• _Work instructions_: Because the pictures are not wanted, give back only the exact text of every entry below.

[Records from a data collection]
#####
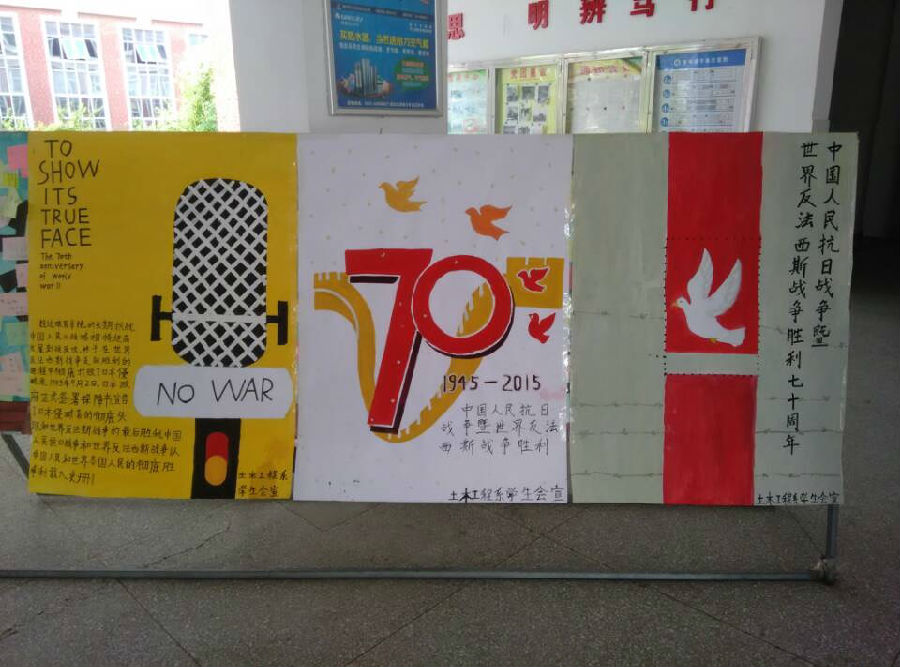 其中,土木系学生会的同学们就集思广益,构思绘制出了三幅彩色海报在系教学楼大厅的展板上展览,让抗战胜利的伟大意义深入人心。纪念抗战胜利70周年,既能增强青年学生和团员们的爱国意识、提高全系的的凝聚力,还可以促进同学们在将来的学习和工作中奋勇争先,为学院和系部的发展贡献力量。
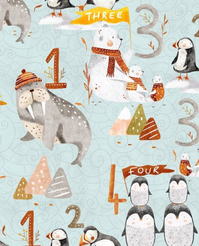Dieses Design zeigt ein Muster mit Pinguinen, Eisbären und Zahlen.
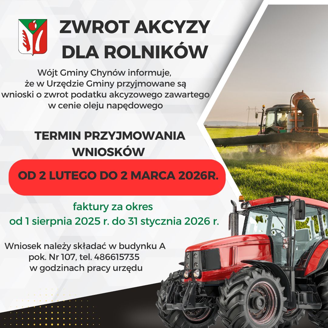 w terminie od 2 lutego 2026 r. do 2 marca 2026 r. należy złożyć wniosek do wójta,w zależności od miejsca położenia gruntów rolnych wraz z fakturami VAT stanowiącymi dowód zakupu oleju napędowego w okresie od 1 sierpnia 2025 r. do 31 stycznia 2026 r.,
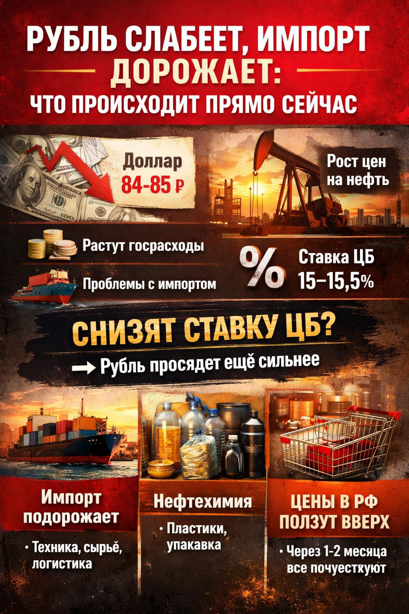 НО = слабее рубль То есть ЦБ оказался в классической ловушке: поддержать экономику - ослабить рубль укрепить рубль -душить бизнес высокой ставкой Что это значит для импорта и бизнеса Импорт будет дорожать курс + логистика = двойной удар особенно по технике, оборудованию, сырью Нефтехимия и производные пластики, упаковка, химия - уже под давлением рост цен на нефть + курс усиливают эффект Цены в РФ будут расти дальше мы ощутим на себе через 1-2 месяца сначала B2B → потом розница Главный вывод Даже если ставку снизят - это не спасет курс, а может наоборот ускорить его
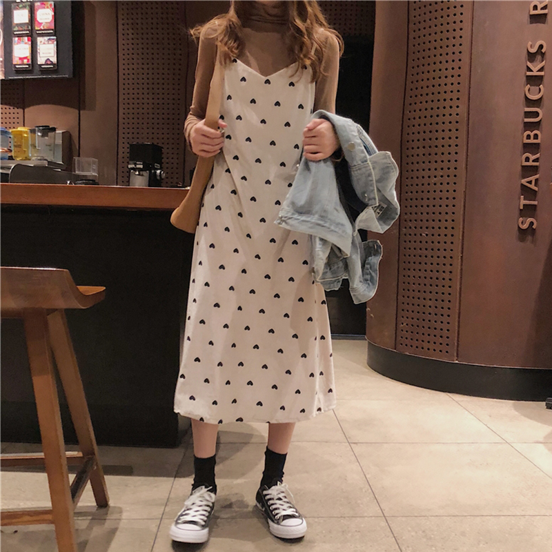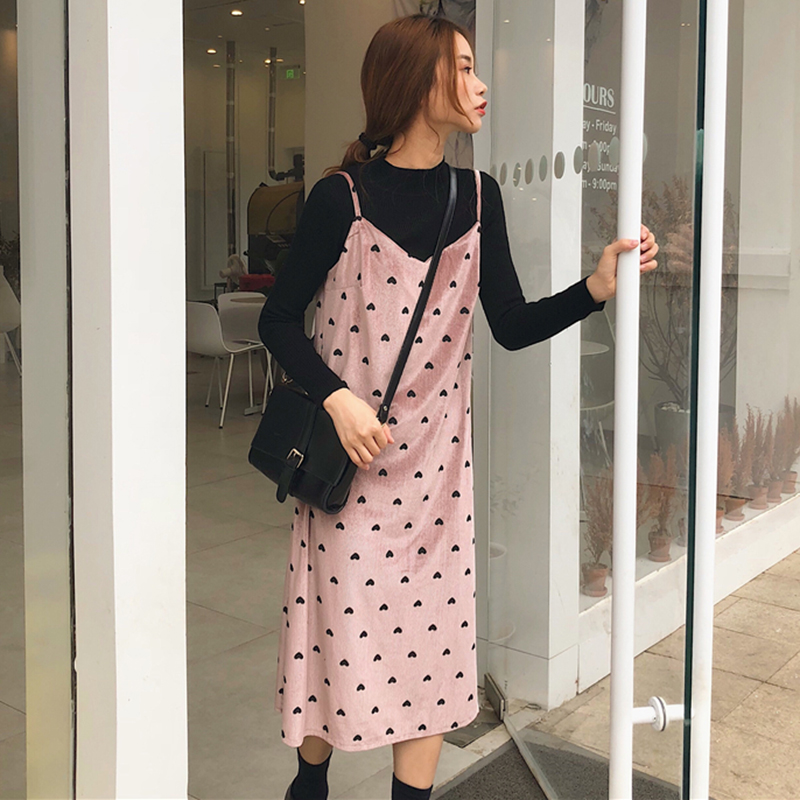 / 韓版甜美愛心吊帶連衣裙子女秋冬裝新款學生復古風絲絨egg中長裙
#####
• _Answer to this task_:
 其中,土木系学生会的同学们就集思广益,构思绘制出了三幅彩色海报在系教学楼大厅的展板上展览,让抗战胜利的伟大意义深入人心。纪念抗战胜利70周年,既能增强青年学生和团员们的爱国意识、提高全系的的凝聚力,还可以促进同学们在将来的学习和工作中奋勇争先,为学院和系部的发展贡献力量。
Dieses Design zeigt ein Muster mit Pinguinen, Eisbären und Zahlen.
 w terminie od 2 lutego 2026 r. do 2 marca 2026 r. należy złożyć wniosek do wójta,w zależności od miejsca położenia gruntów rolnych wraz z fakturami VAT stanowiącymi dowód zakupu oleju napędowego w okresie od 1 sierpnia 2025 r. do 31 stycznia 2026 r.,
 НО = слабее рубль То есть ЦБ оказался в классической ловушке: поддержать экономику - ослабить рубль укрепить рубль -душить бизнес высокой ставкой Что это значит для импорта и бизнеса Импорт будет дорожать курс + логистика = двойной удар особенно по технике, оборудованию, сырью Нефтехимия и производные пластики, упаковка, химия - уже под давлением рост цен на нефть + курс усиливают эффект Цены в РФ будут расти дальше мы ощутим на себе через 1-2 месяца сначала B2B → потом розница Главный вывод Даже если ставку снизят - это не спасет курс, а может наоборот ускорить его
 / 韓版甜美愛心吊帶連衣裙子女秋冬裝新款學生復古風絲絨egg中長裙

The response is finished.